A obecnie a może raczej po wyborach, coś się zmieniło w blogu. I nie mam tu na myśli jakości tekstów osób popierających PiS i Jarosława Kaczyńskiego, fanów Samoobrony czy Ligi Polskich Rodzin. Mam na myśli coś więcej. Mam na myśli klimat dyskusji, komentarzy. Czuć jakąś dziwną internetową "woń".
Masz poglądy, czy ich nie masz, nie ma znaczenia. Piszesz i tworzysz posty oraz komentarze i jesteś aktywny, nie ma zanczenia. Piszesz mądrze czy głupio, na tematy aktualne czy nieaktualne nie zma znaczenia. Onetyzacja tego fajnego forum postępuje. Mądrale o brunatnych czy czerwonych poglądach "kasują trolle". Salon stał się tubą a był fajnym miejscxem do czytania i dyskutowania.
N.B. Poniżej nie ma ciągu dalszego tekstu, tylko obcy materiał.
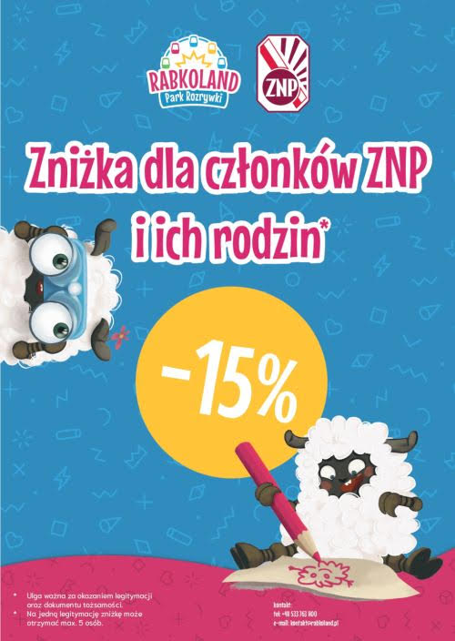 Zatorland oferuje 20 % zniżki dla członków ZNP i ich rodzin. Członek ZNP może kupić bilet z taką zniżką dla siebie oraz dla rodziny (małżonka/małżonki i dzieci). Wystarczy okazać nową legitymację ZNP (plastikowa bez zdjęcia) i dowód tożsamości ze zdjęciem w kasie biletowej! https://zatorland.pl/ |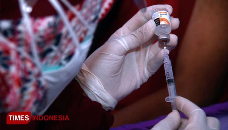 TIMES Ponorogo/Salah satu tenaga kesehatan saat mengisi dosis vaksin untuk disuntikkan. (FOTO: Adhitya Hendra/TIMES Indonesia)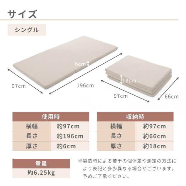 【品名】5層構造三つ折りマットレス シングル 厚さ6cm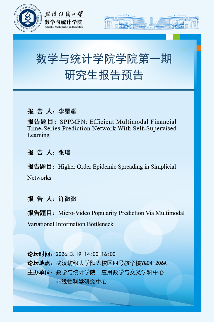 2026 03-16学术预告:第1083期研究生学术论坛暨数学与统计学院2026年第1期研究生…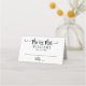 Les cartes d'escorte mariages modernes Mr et Mrs sont dotées d'un système de couleurs moderne en noir et blanc avec une typographie manuscrite de calligraphie audacieuse et ludique avec des détails de défilement élégants. Personnalisez le texte personnalisé décontracté mais élégant pour votre jour de mariage. Inclut l'espace pour écrire un nom d'invité et un numéro de table.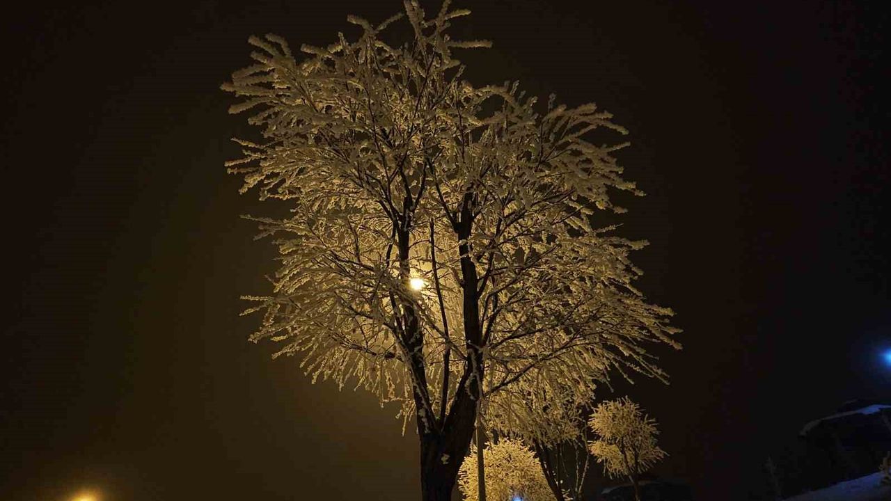 Elazığ'da etkili olan sis ve donla birlikte ağaçlar kırağı tuttu.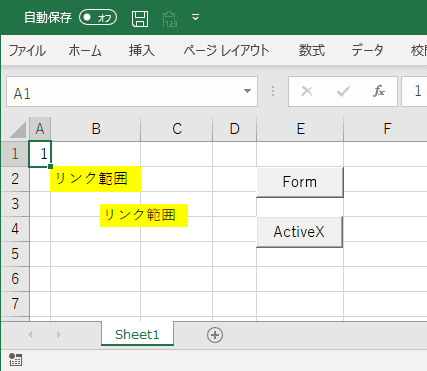 検証のため、簡単にリンクされた図を配置したシートと、100回ひたすらA1に1を書き込むプログラムを書きます。
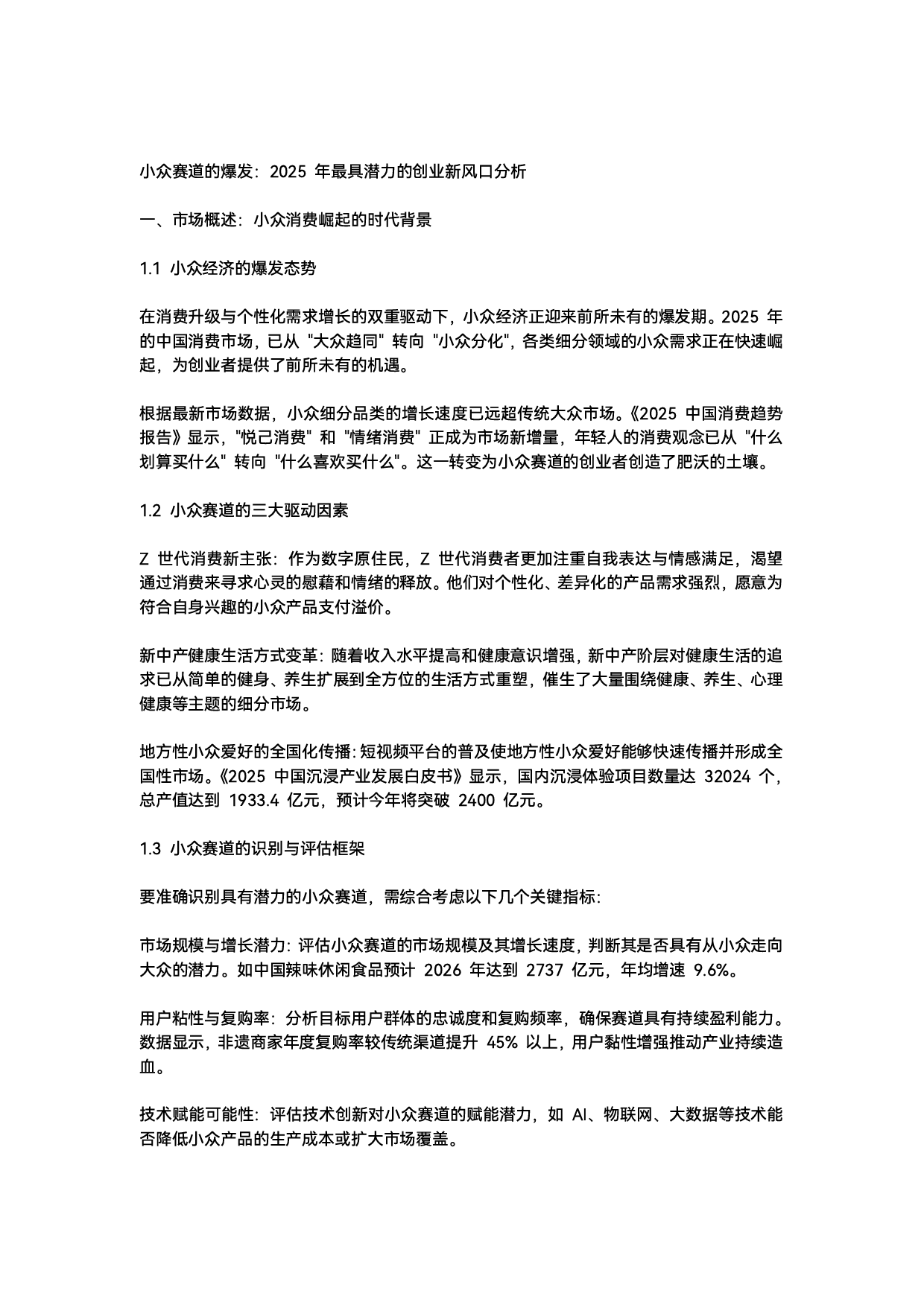 小众赛道的爆发2025年最具潜力的创业新风口分析一市场概述小众消费崛起的时代背景1.1小众经济的爆发态势在消费升级与个性化需求增长的双重驱动下小众经济正迎来前所未有的爆发期2025年的中国消费市场已从"大众趋同"转向"小众分化"各类细分领域的小众需求正在快速崛起为创业者提供了前所未有的机遇根据最新市场数据小众细分品类的增长速度已远超传统大众市场2025中国消费趋势报告显示"悦己消费"和"情绪消费"正成为市场新增量年轻人的消费观念已从"什么划算买什么"转向"什么喜欢买什么"这一转变为小众赛道的创业者创造了肥沃的土壤1.2小众赛道的三大驱动因素Z世代消费新主张作为数字原住民Z世代消费者更加注重自我表达与情感满足渴望通过消费来寻求心灵的慰藉和情绪的释放他们对个性化差异化的产品需求强烈愿意为符...

Czytam wiele mądrych i fajnych postów pisanych przez ludzi z poglądami których absolutnie się nie zgadzam. Komentowanie tych postów sprawiało mi wielką przyjemność. W życiu nie pozwoliłbym sobie jednak na obelżywość. Owszem drobna manipulacja i podpuszczanie czasami mi się zdażało, ale to co czytam w komentarzach nie napawa mnie sympatią do salon24.pl. Coś sie stało z tym blogiem i nie bardzo wiem co? Moej odczucie, jest gorzej.